GIVEN MATERIAL:
┄┄┄┄┄┄┄┄┄┄
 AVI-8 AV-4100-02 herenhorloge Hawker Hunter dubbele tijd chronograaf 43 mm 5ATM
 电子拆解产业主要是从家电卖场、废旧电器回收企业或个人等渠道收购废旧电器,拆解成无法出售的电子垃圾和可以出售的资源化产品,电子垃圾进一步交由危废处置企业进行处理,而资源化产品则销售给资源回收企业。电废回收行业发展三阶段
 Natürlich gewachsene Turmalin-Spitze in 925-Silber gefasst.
┄┄┄┄┄┄┄┄┄┄
EXERCISE OBJECTIVE: Each line of the listing is to be repeated without alteration.

EXERCISE RESPONSE:
 AVI-8 AV-4100-02 herenhorloge Hawker Hunter dubbele tijd chronograaf 43 mm 5ATM
 电子拆解产业主要是从家电卖场、废旧电器回收企业或个人等渠道收购废旧电器,拆解成无法出售的电子垃圾和可以出售的资源化产品,电子垃圾进一步交由危废处置企业进行处理,而资源化产品则销售给资源回收企业。电废回收行业发展三阶段
 Natürlich gewachsene Turmalin-Spitze in 925-Silber gefasst.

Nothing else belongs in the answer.